Source material:
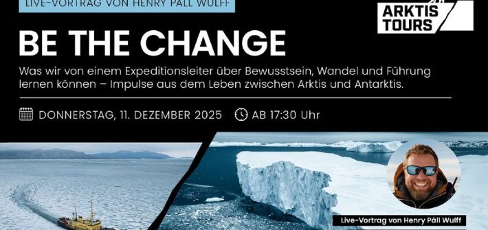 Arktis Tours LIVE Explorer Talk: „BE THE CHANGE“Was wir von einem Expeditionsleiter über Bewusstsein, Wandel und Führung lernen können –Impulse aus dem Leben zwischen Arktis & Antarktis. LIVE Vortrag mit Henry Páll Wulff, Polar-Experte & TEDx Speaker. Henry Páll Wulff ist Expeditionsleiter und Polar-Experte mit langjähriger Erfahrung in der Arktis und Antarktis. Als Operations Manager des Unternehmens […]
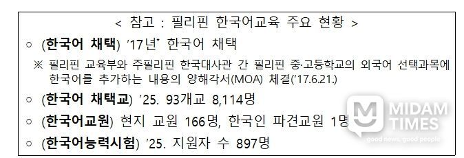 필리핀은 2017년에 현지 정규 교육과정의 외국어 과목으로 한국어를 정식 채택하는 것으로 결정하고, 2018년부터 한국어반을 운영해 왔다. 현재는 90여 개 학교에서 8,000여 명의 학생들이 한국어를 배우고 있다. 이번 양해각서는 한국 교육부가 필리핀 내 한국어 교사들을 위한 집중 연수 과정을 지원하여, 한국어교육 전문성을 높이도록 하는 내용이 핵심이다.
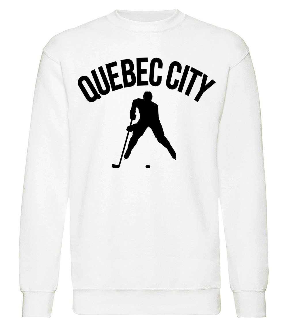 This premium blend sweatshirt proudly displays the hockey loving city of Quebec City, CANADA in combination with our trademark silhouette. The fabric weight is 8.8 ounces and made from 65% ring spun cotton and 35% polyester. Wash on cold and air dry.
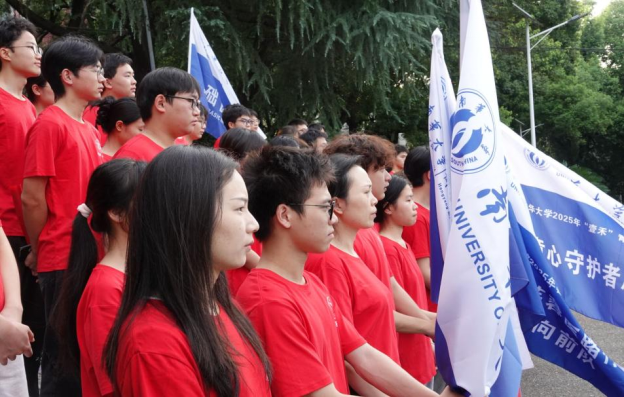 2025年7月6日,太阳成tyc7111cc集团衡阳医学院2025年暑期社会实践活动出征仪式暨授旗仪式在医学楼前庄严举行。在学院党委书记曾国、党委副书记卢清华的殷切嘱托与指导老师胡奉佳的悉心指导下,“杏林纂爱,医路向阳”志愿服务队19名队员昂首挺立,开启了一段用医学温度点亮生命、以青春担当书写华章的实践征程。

Try it: No image belongs in the copy. Transcribe the full listing verbatim.

Answer to the exercise:
 Arktis Tours LIVE Explorer Talk: „BE THE CHANGE“Was wir von einem Expeditionsleiter über Bewusstsein, Wandel und Führung lernen können –Impulse aus dem Leben zwischen Arktis & Antarktis. LIVE Vortrag mit Henry Páll Wulff, Polar-Experte & TEDx Speaker. Henry Páll Wulff ist Expeditionsleiter und Polar-Experte mit langjähriger Erfahrung in der Arktis und Antarktis. Als Operations Manager des Unternehmens […]
 필리핀은 2017년에 현지 정규 교육과정의 외국어 과목으로 한국어를 정식 채택하는 것으로 결정하고, 2018년부터 한국어반을 운영해 왔다. 현재는 90여 개 학교에서 8,000여 명의 학생들이 한국어를 배우고 있다. 이번 양해각서는 한국 교육부가 필리핀 내 한국어 교사들을 위한 집중 연수 과정을 지원하여, 한국어교육 전문성을 높이도록 하는 내용이 핵심이다.
 This premium blend sweatshirt proudly displays the hockey loving city of Quebec City, CANADA in combination with our trademark silhouette. The fabric weight is 8.8 ounces and made from 65% ring spun cotton and 35% polyester. Wash on cold and air dry.
 2025年7月6日,太阳成tyc7111cc集团衡阳医学院2025年暑期社会实践活动出征仪式暨授旗仪式在医学楼前庄严举行。在学院党委书记曾国、党委副书记卢清华的殷切嘱托与指导老师胡奉佳的悉心指导下,“杏林纂爱,医路向阳”志愿服务队19名队员昂首挺立,开启了一段用医学温度点亮生命、以青春担当书写华章的实践征程。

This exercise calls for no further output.